La intrigante premisa generó atención desde que el guión buscaba producción y finalmente fue Sony Pictures quien tomó tan riesgoso material para convertirlo en una película empalagosa, irregular y profundamente frustrante. Los temas planteados por el guion de Jon Spaihts, quien también colaboró en el libreto de Prometeo (2012), tocan venas cercanas a Solaris (1972) de Tarkovski con la irreverencia post apocalíptica del programa televisivo Last Man On Earth; y la elegancia formal de Gravedad de Cuarón o Sunshine de Danny Boyle; pero tal como ésta última, todo su potencial es destruido por otra angustia, terriblemente banal: la recaudación monetaria.

Durante toda su primera parte, Tyldum se apoya en el carisma de Pratt para mostrar una faceta completa de la experiencia humana de la soledad: del terror a la anhedonia pasando por el goce y el desenfreno. La película toca un dilema ético de gran riqueza, es un punto alto, particularmente al desarrollar con solvencia la relación entre Pratt y Lawrence; sin embargo, gradualmente todo lo conseguido se deshace en una serie de pésimas decisiones creativas que buscan “confortar” y “entretener” a la audiencia.

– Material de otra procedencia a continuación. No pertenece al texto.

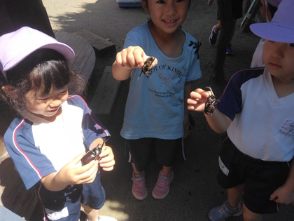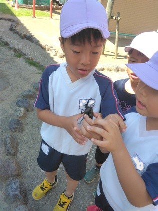 スイカの横でカブトムシを発見しました。「角があるよ」「かっこいい〜」と、大喜びです。
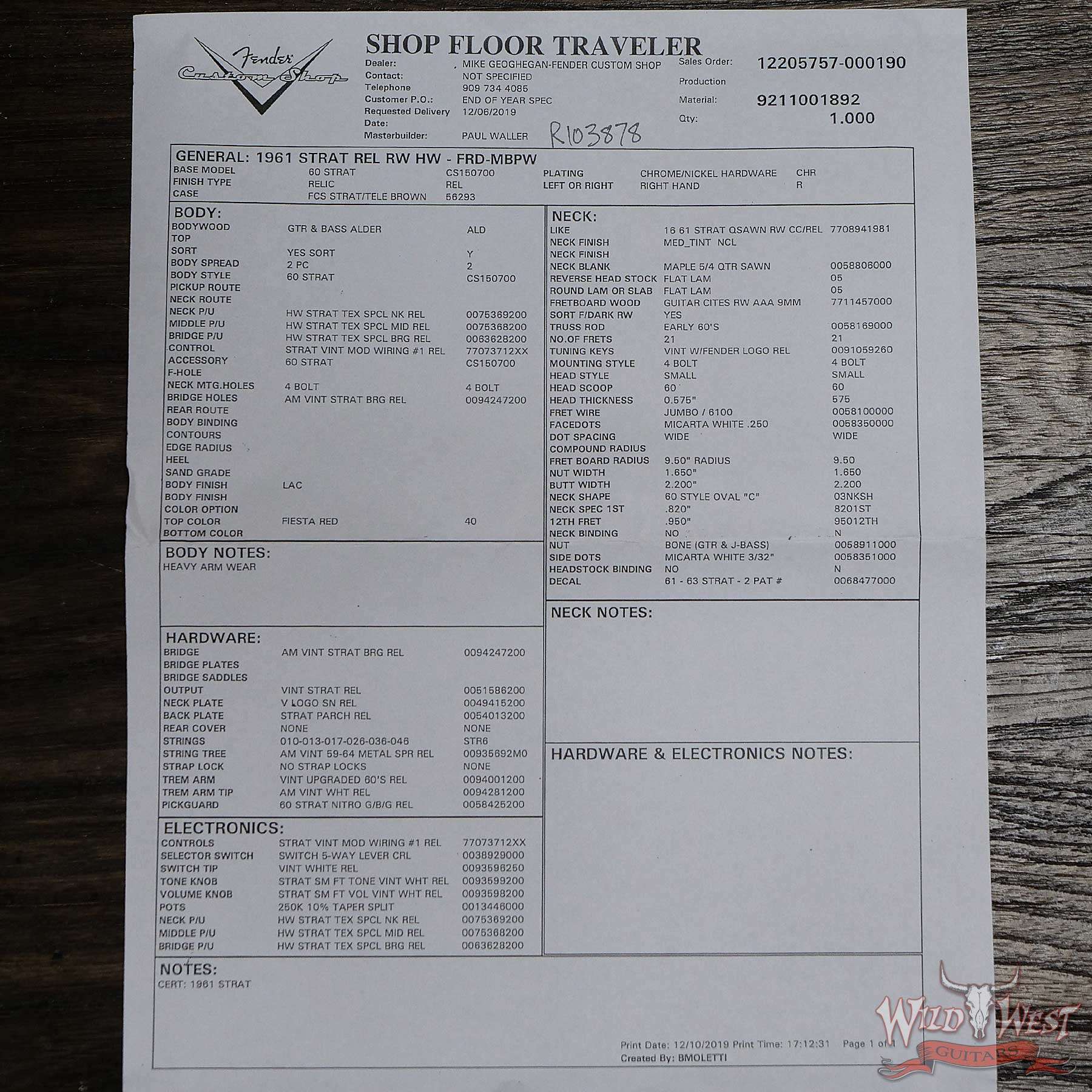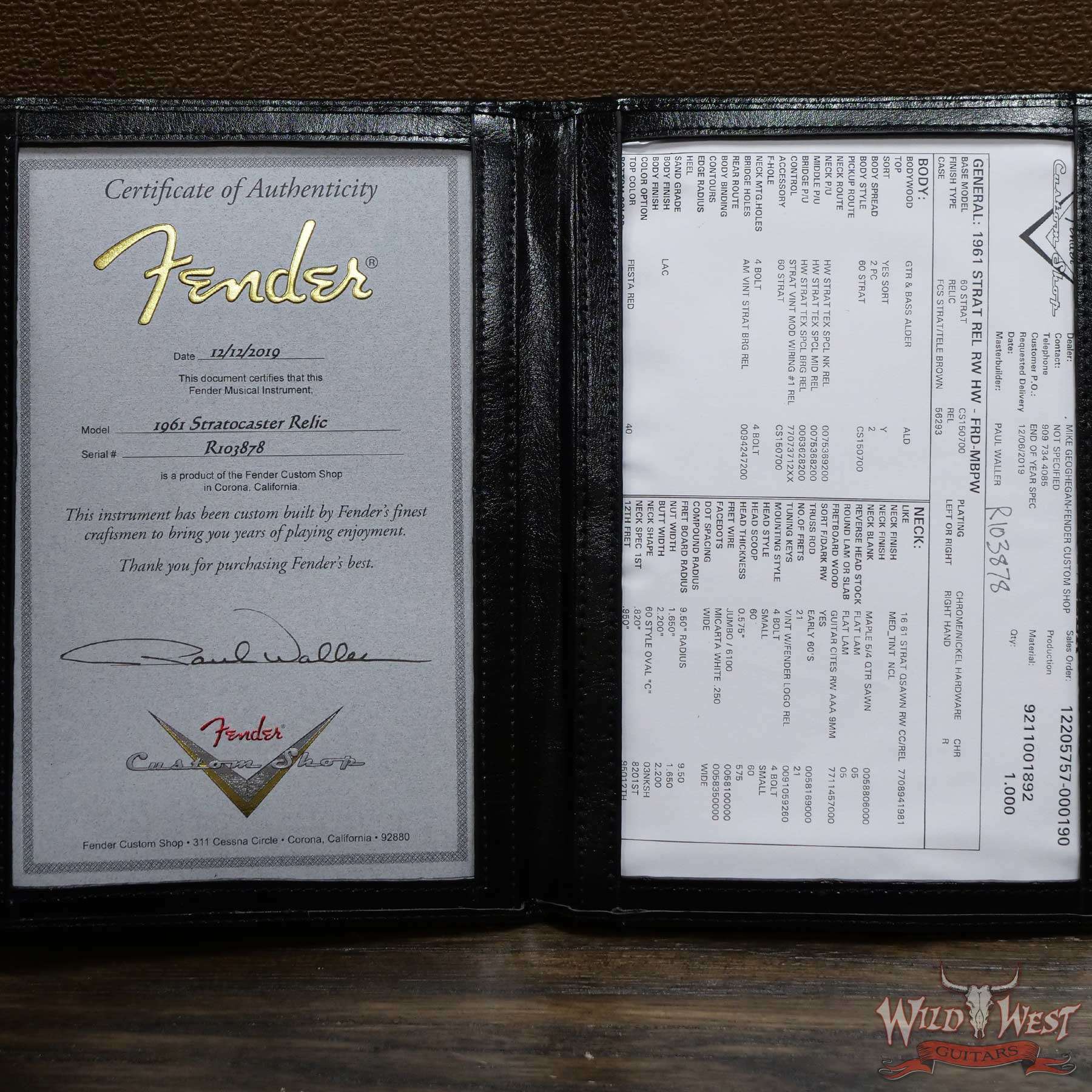 Fender Custom Shop Paul Waller Maserbuilt 1961 Stratocaster Relic Hand-Wound Pickups Rosewood Slab Board Fiesta Red
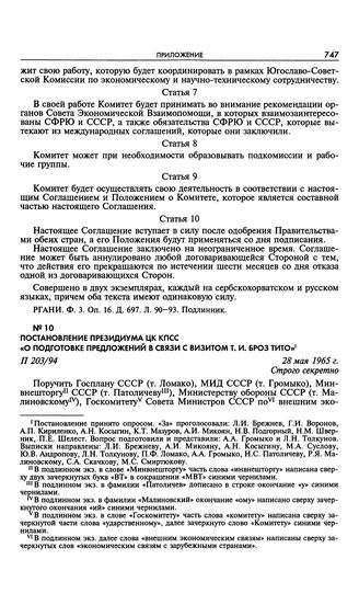Постановление Президиума ЦК КПСС «О подготовке предложений в связи с визитом т. И. Броз Тито». 28 мая 1965 г.
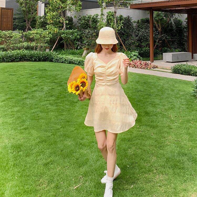 スタンダードVネックシフォンスカート サマースタイル薄手ドレス レディース レトロ 夏物 試着室58721093951
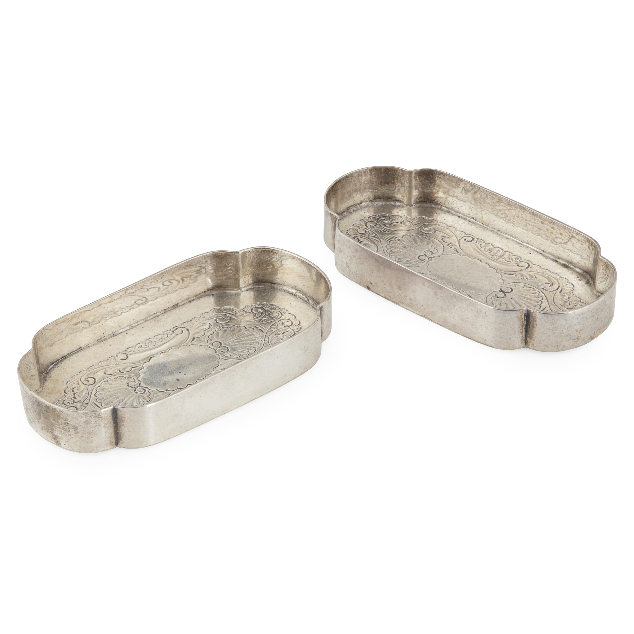 each of moulded oval outline chased shell and scroll decoration to the base (2)
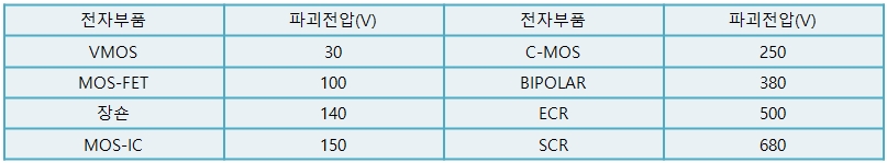 <표> 전자부품의 정전파괴전압
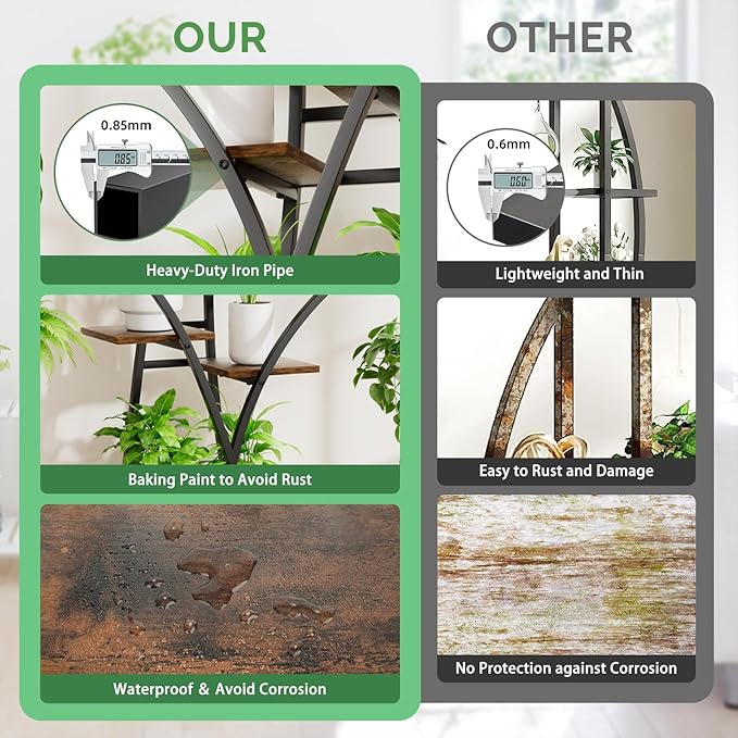 - High-Quality Material & Sturdiness: Crafted with a sturdy 0.8mm thick metal frame, high-quality 12mm particleboard shelves and adjustable foot pads, this plant holder ensures lasting durability and stability. The iron pipes feature a rust-resistant coating, while the shelves are treated with a water-resistant finish, allowing you to water your plants without worrying about damage.
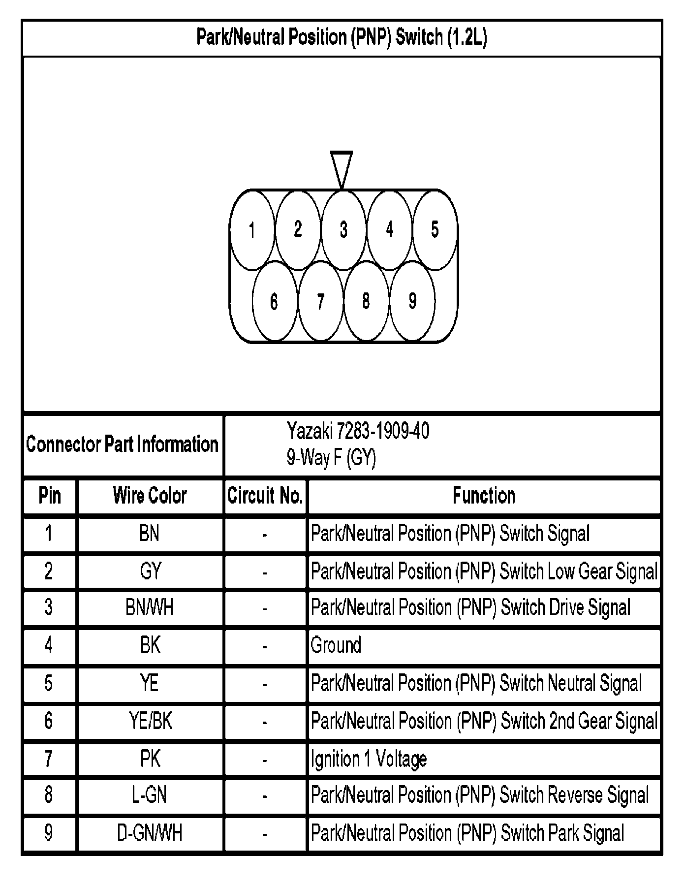 Park/Neutral Position (PNP) Switch (1.2L):
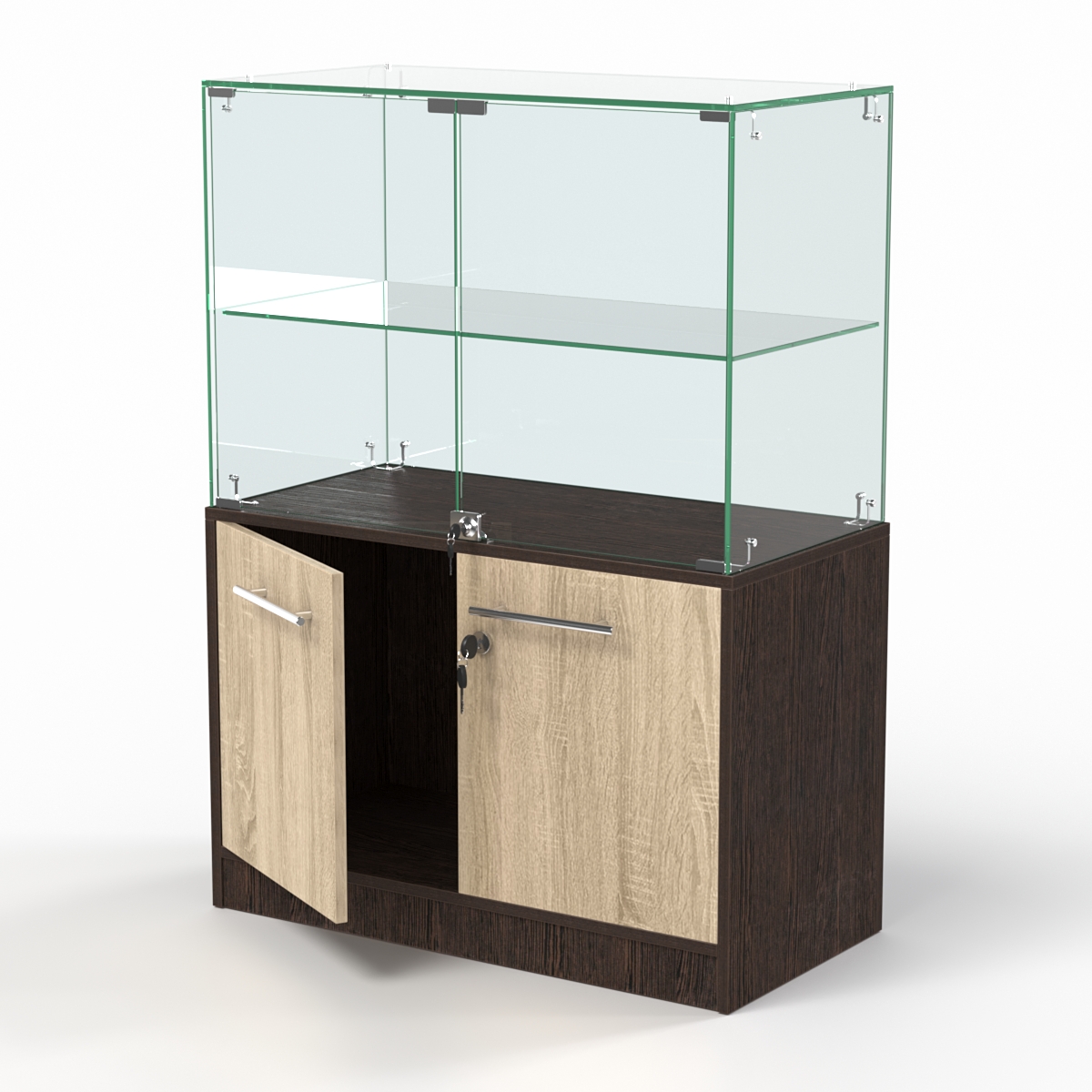 Конструкция состоит из витрины и накопителя. Оба элемента оборудованы двумя распашными дверцами, открывающимися со стороны продавца. Внутри витрины имеется стеклянная полка. При равномерном распределении предметов нагрузка на полку составляет 5-7кг.

Si la película no se termina de pudrir por completo es gracias a su fastuoso diseño de producción, la fortísima química entre los protagonistas y la participación de Michael Sheen como un peculiar cyborg barman que funciona como una versión futurista del Wilson de Naufrago (Zemeckis, 2000).

La angustia y el conflicto ético aterran a los estudios, que buscan resoluciones complacientes y terriblemente forzadas. No obstante, lo verdaderamente angustiante es que ven a la audiencia no muy diferente de los pasajeros de la nave de la película: pasivos, en prolongada hibernación y escapando siempre del mundo. Escapemos despertando.